II
'I hate war: that is why I am fighting'
There is a garden in Vlamertynghe with a marble seat overturned beside a smashed tree, a corner just made for lovers, once. An enormous crump hole fills the greater part of the garden, and the wall has fallen outwards in one mass leaving the fruit trees standing in a line, their arms outstretched. Across on the other side of the road Captain Norman Stewart lies buried. But his memory lives in the hearts of men, and wherever the 2nd battalion gathers round its braziers and in the glow of them the stories of the heroes of the regiment are passed on from the veterans to the younger men, Stewart will be remembered with reverence as one who not only upheld but created regimental tradition.

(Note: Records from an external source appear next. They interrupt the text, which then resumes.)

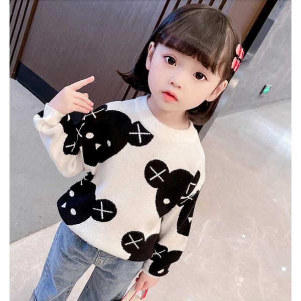 トップス ニット 子ども キッズ 子供 セーター クマ柄 女の子 男の子 クマ ラウンドネック プルオーバー 春 秋 冬 可愛い お出かけ 熊 通園 通学 小学生 幼稚園 保育園 韓国子供服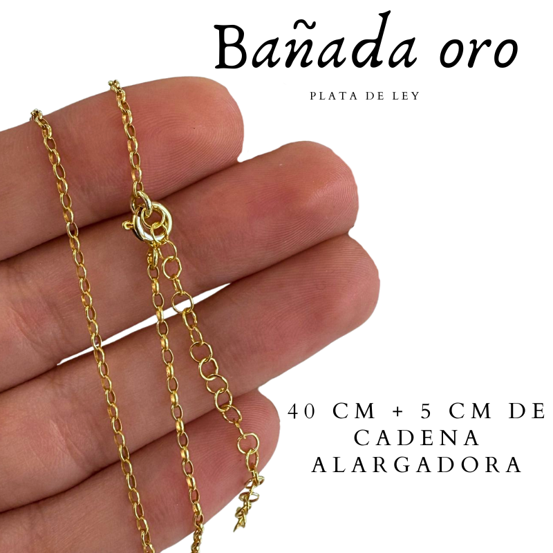 CADENA PLATA DE LEY BAÑADA EN ORO DE 18K, TIPO ROLO DE 40 CM + 5 CM DE CADENA ALARGADORA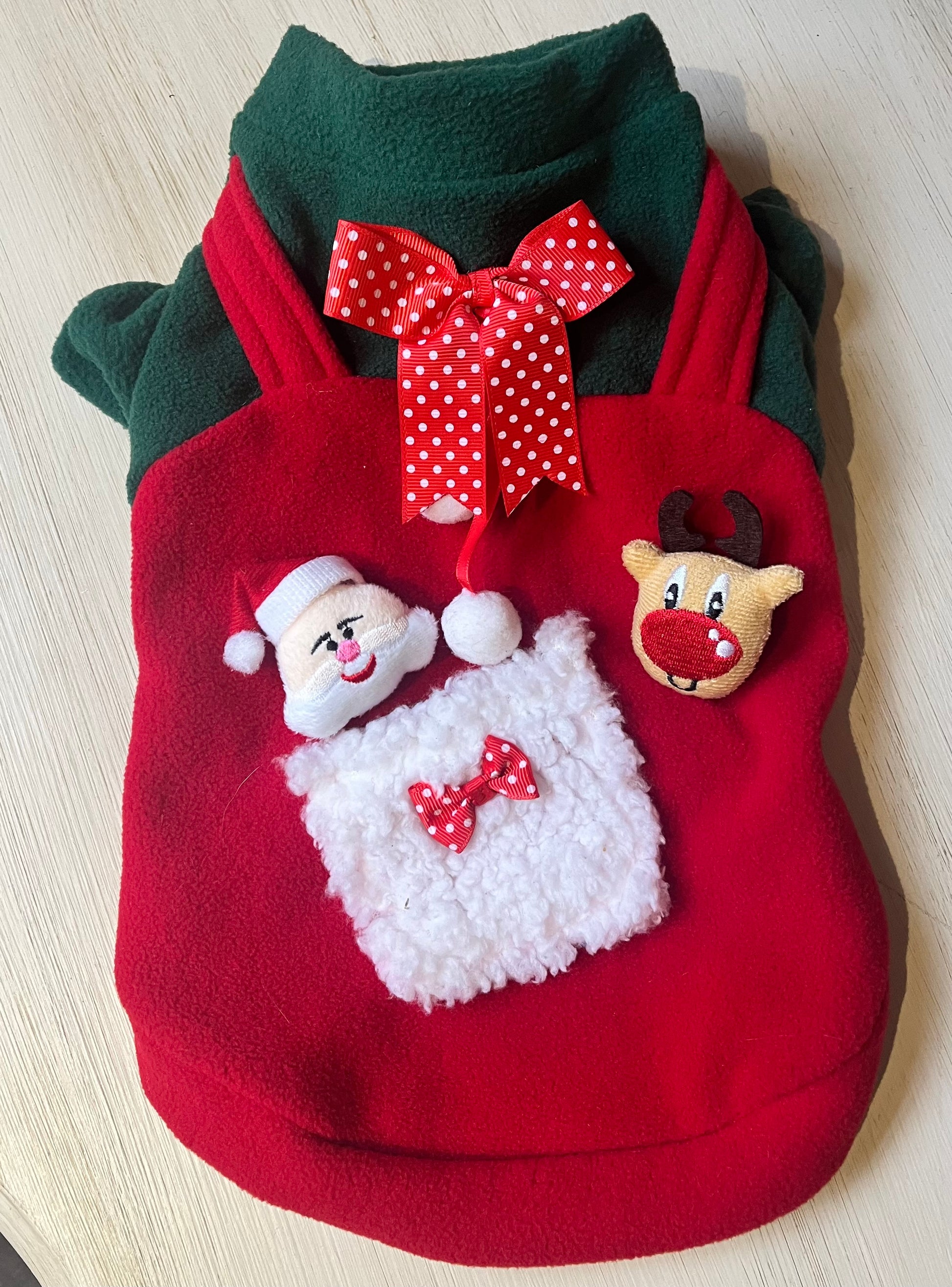 Perfetta per piccoli cani, combina stile, comfort e praticità, ideale per passeggiate, feste e foto natalizie.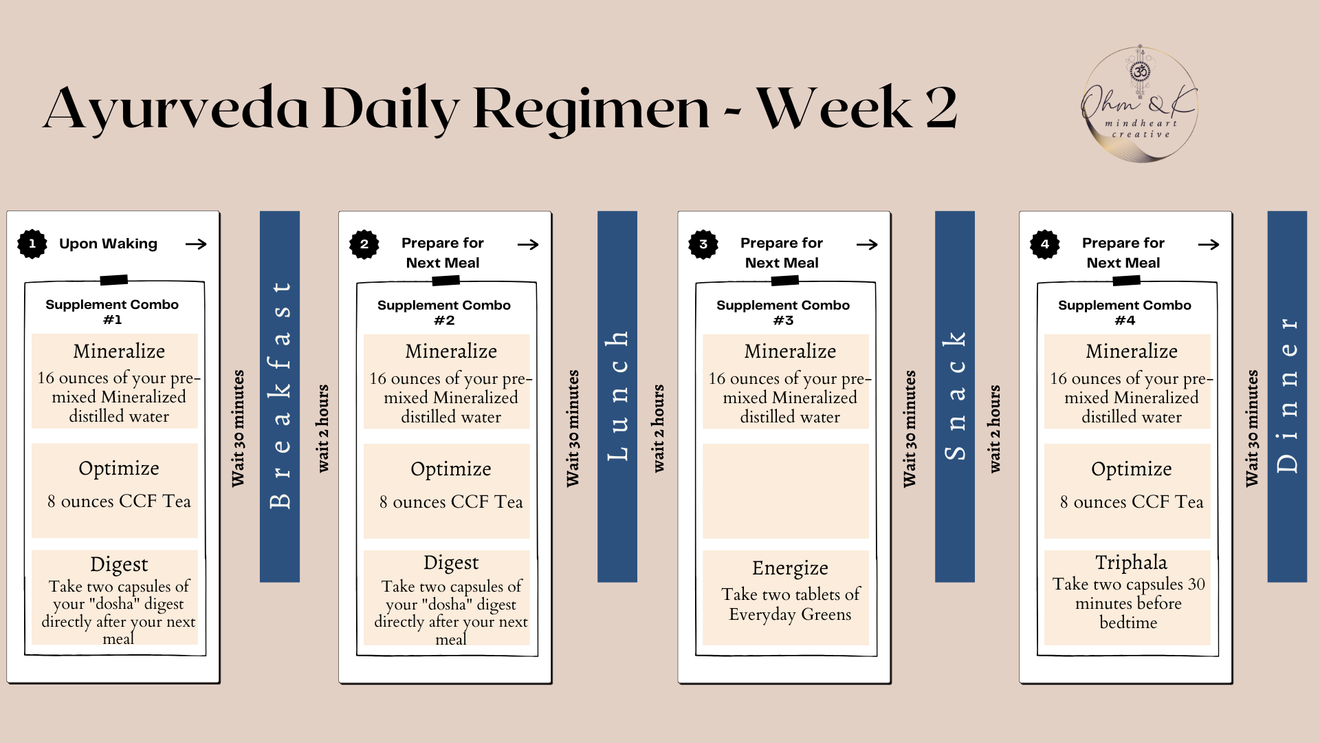 During the next 7 days, you will enter The Heart of the Cleanse: a period of eating a monodiet of grains, kitchari (basmati rice cooked with split mung beans), vegetables, and plenty of detoxifying fluids; the process at this stage can be complemented by a number of supportive lifestyle practices. You’ll also be introduced to two other supplements to support your cleansing — Total Body Cleanse & Triphala.

It was a bombing affair in which he died, detachments of Suffolks, Middlesex, and Royal Scots, under his leadership, being ordered to drive the enemy out of the tip of the salient. Barricades made progress almost impossible in face of a murderous machine-gun fire. Owing to the confused nature of the fighting no quarter could be given, and desperate fighting ensued with bombs, bayonets and hand to hand. Finally ten yards were gained and the ground consolidated.
At one point of the fight, finding progress otherwise impossible, Captain Stewart mounted to the top of the barricade in full view of the enemy, with shells and bombs bursting all round and under machine-gun and rifle fire. Though wounded he remained there in face of certain death for over ten minutes. From bucket after bucket handed up to him he still hurled bombs at the thronging enemy beneath, until a sniper crept round to his flank, and this heroic Scotsman fell.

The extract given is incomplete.